With Tech start-ups in Britain having attracted around £600m of investment in this year alone, there is a huge and palpable appetite within the flourishing sector that is up by 30% from 2013 and nearly 10 times up from 2010. London is now home to 3,000 tech start-ups and is regarded as the capital of Europe. Who needs Silicon Valley, when we have Silicon Roundabout?

It’s with this evolution of businesses and expanse of opportunities that comes the alternative and savvy CrowdVestor.  With the banks having reduced their appetite to risk, and with Venture Capital a tough door to push open, Crowdfunding has allowed businesses a highly accessible cash for equity source.

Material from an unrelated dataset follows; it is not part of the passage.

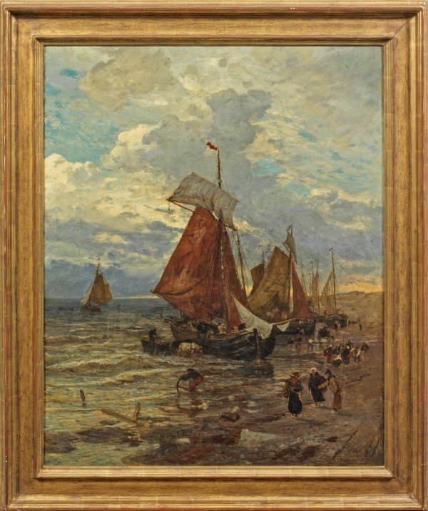 Das hochformatige in flotter Pinselführung gemalte Seestück zeigt das Bergen der Fracht nach dem Fischfang an der Nordseeküste. Das Anlanden der schweren Holzschiffe mit roten Leinensegeln auf den Sandstrand konnte vor der holländischen Küste nur mit der Zugkraft von Pferden erfolgen. Noch im Wasser stehend wurde die Fracht auf den Pferdekarren verladen und an Land gebracht. Frauen mit weißen Hauben und Holzpantinen nahmen die Fische in Körben in Empfang, um sie zuzubereiten oder auf dem Markt zu verkaufen. Scheveningen war durch die Maler der Haager Schule seit den 1870er Jahren zu einem beliebten Künstlerort avanciert, der auch zahlreiche Maler aus dem Nachbarland Deutschland anzog, allen voran Max Liebermann. Naturalistisch gemalte Hollandmotive verkauften sich zudem an die Sommerfrischler, die alljährlich in Zügen an die Küsten strömten. Während seiner Studienjahre in München reiste Schönleber ab 1873 in die Niederlande, um Motive für seine im Atelier ausgearbeiteten Gemälde zu sammeln. Öl/Lwd., doubl.; R. u. sign. und dat. München 1875; 87 cm x 71 cm. Rahmen.
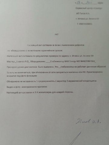 Стабилизатор Baxi 600. Гарантия. Куда и как и кто виноват

This source has this week drawn the eye of City Hall who are now rewarding enterprise through a new initiative to invest £85m into start-ups over the next 3 years (as of January 2015). That equates to one investment a week and means £250k per venture will trickle into the sector, in a deal partnered by Wellington Partners and Playfair Capital.

Funding is becoming a more available commodity within a sector where development costs, marketing, sales development and salaries consume pounds before the get go. Businesses can tap into one of the 87 Crowdfunding sites in the UK alone, in a market that that has raised £1.6 Billion of funding in 2014 alone.

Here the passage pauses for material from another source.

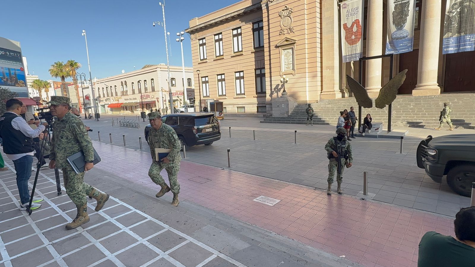 Chihuahua, Chih.– Este lunes 16 de junio, elementos de la Guardia Nacional, del Ejército Mexicano y de la Secretaría de la Defensa Nacional arribaron a Palacio de Gobierno para participar en la Mesa Estatal de Construcción de Paz, reunión de seguridad en la que autoridades de los tres niveles de gobierno revisan la situación delictiva de la entidad.

Setting up a business from scratch is a massively daunting decision and prioritising time when the business has no customers, no product, and nearly no cash is a major day-by-day decision… But despite these obstacles more and more people are taking the Entrepreneurial plunge, with around 8,000 start-ups setting sail every week in the UK alone, equating to around 500,000 a year. The failure rate is around 20% in the first year, but with a one in five chance of making it into month thirteen, it’s clearly still hugely appealing.

Access to cash aside, (banks, friends and family, savings, angel investors) making it to month thirteen, or past month three clearly requires a unique blend of timing, structure, product, delivery, people and funding. (Not necessarily in that order). The founder of that business will have to have an unswerving belief that leaving the security of employment (bonus, pension, health, dental and subsidised canteen), in order to face a brave new world is the right way.

In order to attract any investment there are still basic requirements – product, people, positioning and plan – A solid business plan and route to market is essential.  Staying lean and flexible is a must and goes along with absorbing and reacting to research and user group feedback.

Its important to look at the market your company is playing in, what is going on, who is on the move and where the niche exists. None of us want to be the next eToys, Pay by Touch or Pets.com (you haven’t heard of them…) and we all want to be the next Airbnb, Just Eat or Spotify (you have heard of them). They mapped the route, got some revenue, got the product working, got multiple rounds of funding and now they are flying. But importantly they adjusted their proposition to the market when the market wasn’t so sure about their proposition…that’s the measure of a good CEO, a gentle hand on the tiller.

A founder should never be negative, never tired, their strategy is clearly mapped out from day one to day exit and gone, and they are solely driven to take the business to that next level and into the stratosphere. Clearly a founder rises at 4am, checks emails, does a conference call with Japan, before a six mile run, porridge, a Mandarin lesson and having read the FT thoroughly, they arrive at the office primed and ready for a 7am kick off.

With the expertise out there and interested in working with the right start up and with Google Ventures pumping £60m in to tech start ups, this is a great time to be in London. Lessons have been learnt since the DotCom bubble burst of March 2000? Any business needs to get a strong and credible management team, with a range of skills (not the same ones), ideally tapping into a fantastic Non-Executive who brings with them huge experience, a battle hardened spirit and credibility in the market, the likes of Martha Lane Fox, Brent Hoberman, Harriet Green or Terry Leahy will do nicely.